= Archaeology of Quebec =

Location of Quebec

Located in east-central Canada, the province of Quebec, in 1972, adopted the Loi sur la Recherche Archéologique or the Archaeological Research Law. This law stated that all artefacts found in archaeological sites were to be protected as cultural goods.

==Permissions==
Under the Archaeological Research Law, no person can conduct a dig to unearth any goods without having first obtained an archaeological research permit from the minister, regardless of ownership of the land.
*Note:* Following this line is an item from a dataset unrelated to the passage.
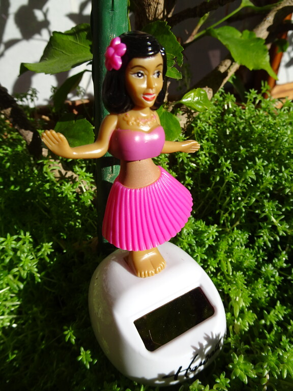 春の日差しを受けて 縁側のソーラーフラ人形が腰を振っています

This permit which is valid for a year from the date it was delivered, if granted, grants the holder permissions to conduct digs and unearth any artefacts uncovered. Even though the permit is good for a full year, the minister at any point in time has the right and power to revoke it if it is felt that the owner has not conforming to the conditions stated by the law and regulations. In the case where the archaeological excavation has to be conducted by someone other than the holder of the permit, the owner of the permit must give the government written consent.

==Reporting==
If during construction or excavation, for something other than archaeology, artefacts are uncovered, the person who found them must report them immediately to the Government. The government, along with the recommendation of the minister, can:
1. Order the continued suspension of work until the expiration of thirty days from the date of suspension;
2. Allow the searches necessary to release the property or site discovered;
3. Order an amendment he or she considers necessary to the plans of excavation or construction to ensure the integrity and development of property or site discovered.

==Government Action==
Under the general provisions provided by the Quebec Government, the Minister, after having obtained the advice of the Commission, can:

1. Acquire by agreement or expropriation any cultural property recognized or classified, or any property necessary to isolate, identify, clean or otherwise enhance a historic monument or historic or archaeological site listed, or any property located in a historic district or natural or in a protected area;
2. In the case of historic buildings, archaeological and historic sites, the lease, mortgage, restore, transform, demolish, reconstruct or carry them to another location;
3. Administer to himself or assign to others, the conditions it considers appropriate, the custody and management of cultural property that was acquired;
4. Contribute to the maintenance, restoration, processing or transportation of classified cultural property recognized or city or property located in a historic or natural district, in a historic or archaeological site listed in a heritage site or in a protected area, and the restoration of a building on a listed building, and hold the property subject to a contribution, charge, mortgage or real right that deems appropriate;
5. Grants in order to preserve and highlight cultural property or property in a historic or natural district, in a classified historic site into a heritage site or a protected area;
6. Finally, according to law, agreements with any government on cultural property;
7. Enter into agreements for the implementation of this Act with any person, including a local municipality, a regional county municipality or metropolitan community.

==Additional Laws==
The Quebec government also passed both the Cultural Property Act and the Environmental Quality Act. Both of these acts pushed for strengthening the recognition and practice of archaeology while emphasizing the need for protecting and safeguarding Quebec's archaeological heritage.